===== DATA TO USE
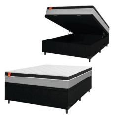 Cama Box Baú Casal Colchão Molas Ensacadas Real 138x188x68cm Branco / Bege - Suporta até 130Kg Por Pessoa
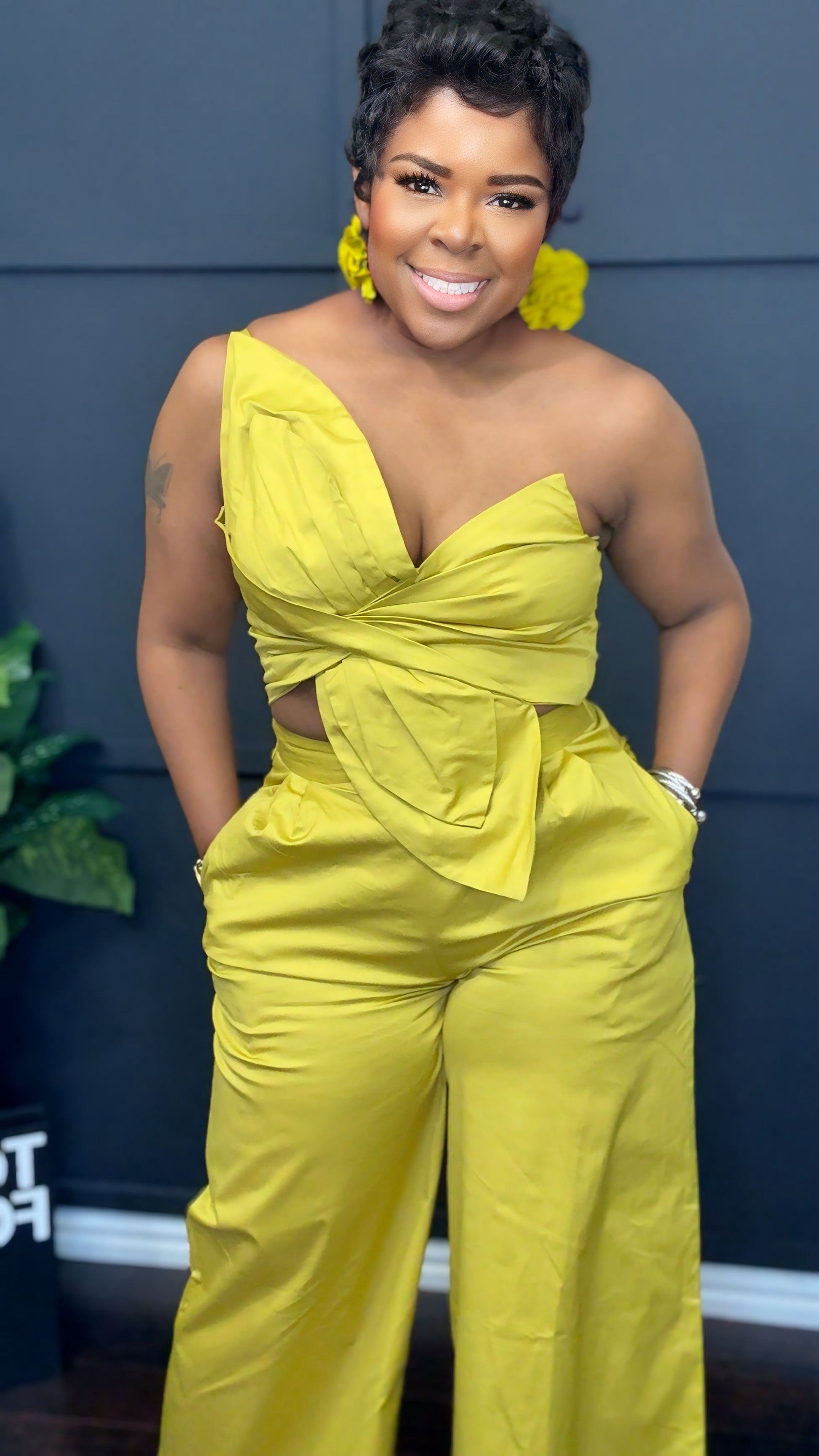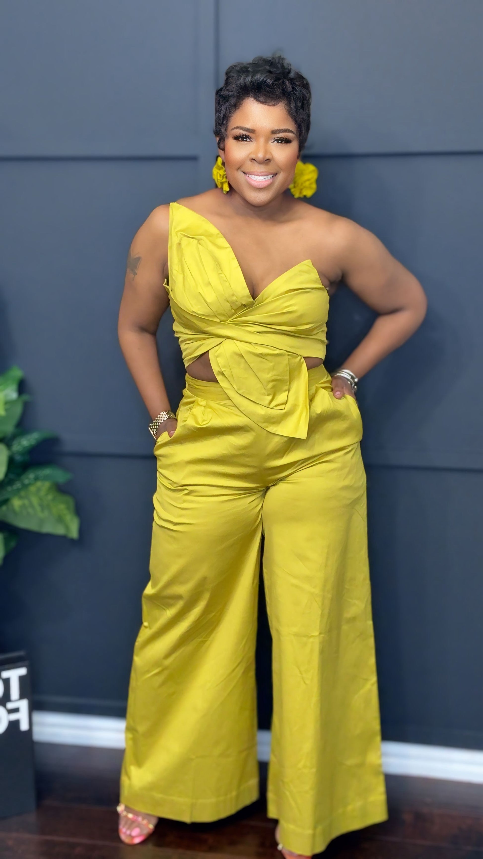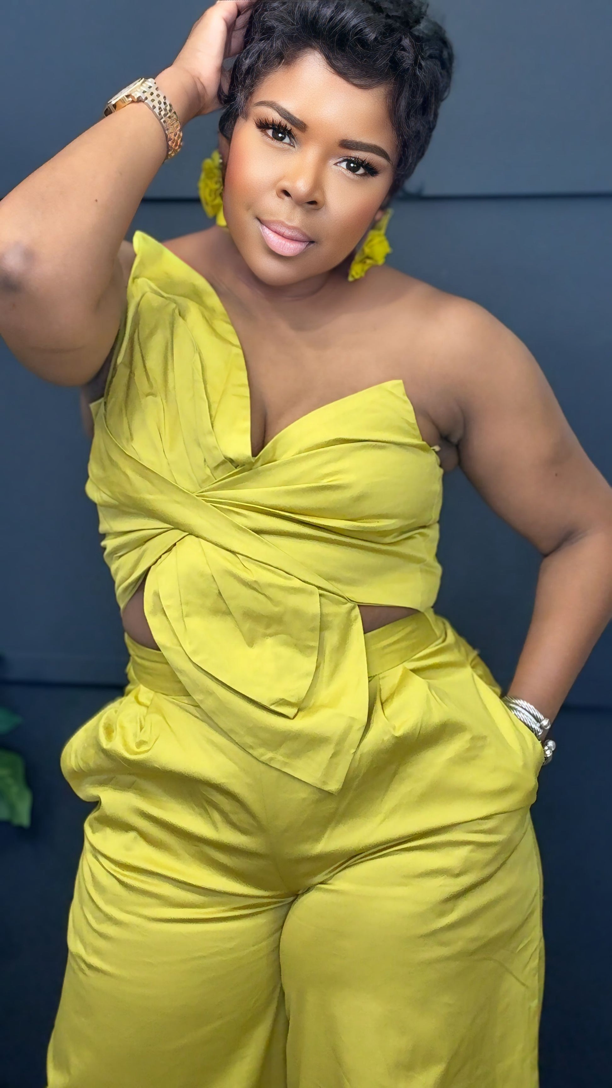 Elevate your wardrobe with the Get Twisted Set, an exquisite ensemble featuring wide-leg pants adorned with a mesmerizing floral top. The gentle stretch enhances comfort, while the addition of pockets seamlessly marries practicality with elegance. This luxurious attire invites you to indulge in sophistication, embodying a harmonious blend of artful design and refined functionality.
==========
===== DATA TO USE
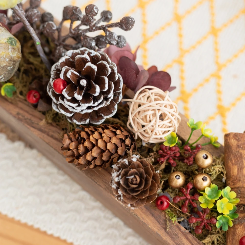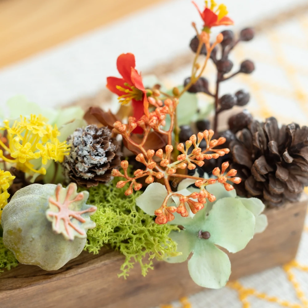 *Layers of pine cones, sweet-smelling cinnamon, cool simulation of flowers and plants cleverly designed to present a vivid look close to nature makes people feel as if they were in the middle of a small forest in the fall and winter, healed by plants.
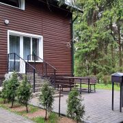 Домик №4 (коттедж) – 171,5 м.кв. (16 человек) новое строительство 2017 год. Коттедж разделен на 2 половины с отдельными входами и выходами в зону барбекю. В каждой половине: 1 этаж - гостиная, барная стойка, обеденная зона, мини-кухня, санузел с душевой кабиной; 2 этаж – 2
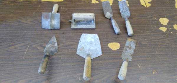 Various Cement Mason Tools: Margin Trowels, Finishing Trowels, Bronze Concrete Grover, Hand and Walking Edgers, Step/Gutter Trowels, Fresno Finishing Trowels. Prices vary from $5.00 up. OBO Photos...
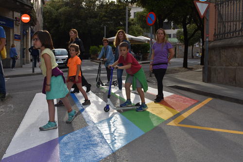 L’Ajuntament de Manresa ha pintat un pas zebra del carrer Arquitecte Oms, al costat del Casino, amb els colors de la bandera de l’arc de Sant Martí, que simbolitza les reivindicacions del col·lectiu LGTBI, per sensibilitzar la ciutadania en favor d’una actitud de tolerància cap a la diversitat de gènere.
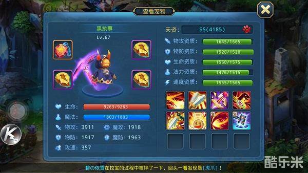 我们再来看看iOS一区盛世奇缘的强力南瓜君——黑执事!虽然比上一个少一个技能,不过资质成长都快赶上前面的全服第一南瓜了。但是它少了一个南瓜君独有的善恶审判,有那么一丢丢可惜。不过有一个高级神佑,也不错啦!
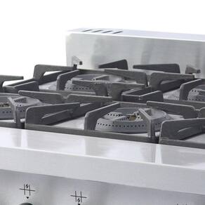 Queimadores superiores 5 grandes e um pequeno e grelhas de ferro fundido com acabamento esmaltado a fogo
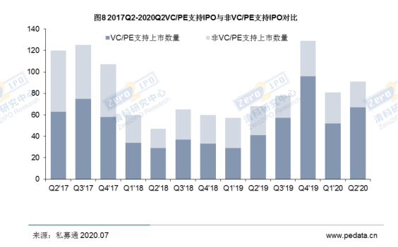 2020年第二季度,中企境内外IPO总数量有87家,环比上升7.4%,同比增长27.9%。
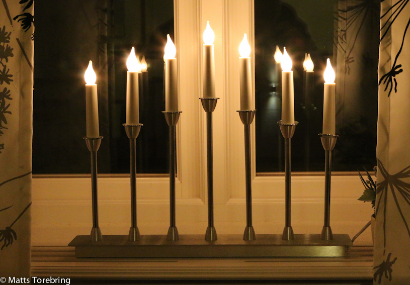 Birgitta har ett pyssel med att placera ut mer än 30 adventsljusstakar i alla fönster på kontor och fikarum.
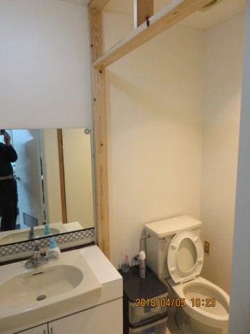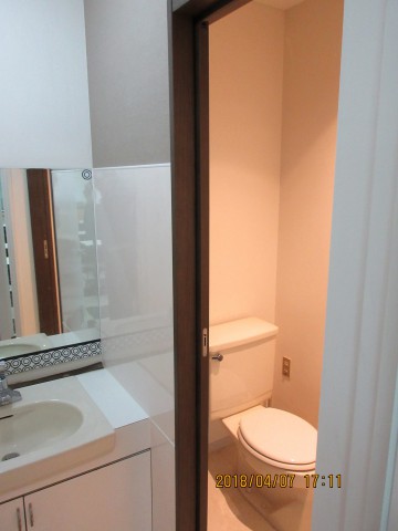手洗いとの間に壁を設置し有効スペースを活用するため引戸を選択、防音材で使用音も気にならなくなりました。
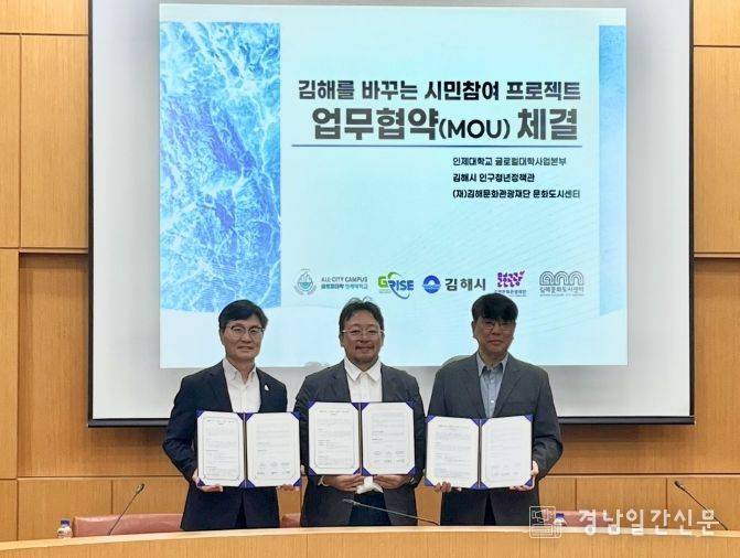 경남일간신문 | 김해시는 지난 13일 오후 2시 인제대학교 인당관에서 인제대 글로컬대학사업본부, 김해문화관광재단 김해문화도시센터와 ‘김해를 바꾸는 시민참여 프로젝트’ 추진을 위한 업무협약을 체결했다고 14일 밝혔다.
==========
Beginning with the line above that has "Various Cement Mason" and going on through the line that has "L’Ajuntament de Manresa", retype every line exactly and add nothing else; drop the pictures.

__RESPONSE BELOW__:
 Various Cement Mason Tools: Margin Trowels, Finishing Trowels, Bronze Concrete Grover, Hand and Walking Edgers, Step/Gutter Trowels, Fresno Finishing Trowels. Prices vary from $5.00 up. OBO Photos...
 L’Ajuntament de Manresa ha pintat un pas zebra del carrer Arquitecte Oms, al costat del Casino, amb els colors de la bandera de l’arc de Sant Martí, que simbolitza les reivindicacions del col·lectiu LGTBI, per sensibilitzar la ciutadania en favor d’una actitud de tolerància cap a la diversitat de gènere.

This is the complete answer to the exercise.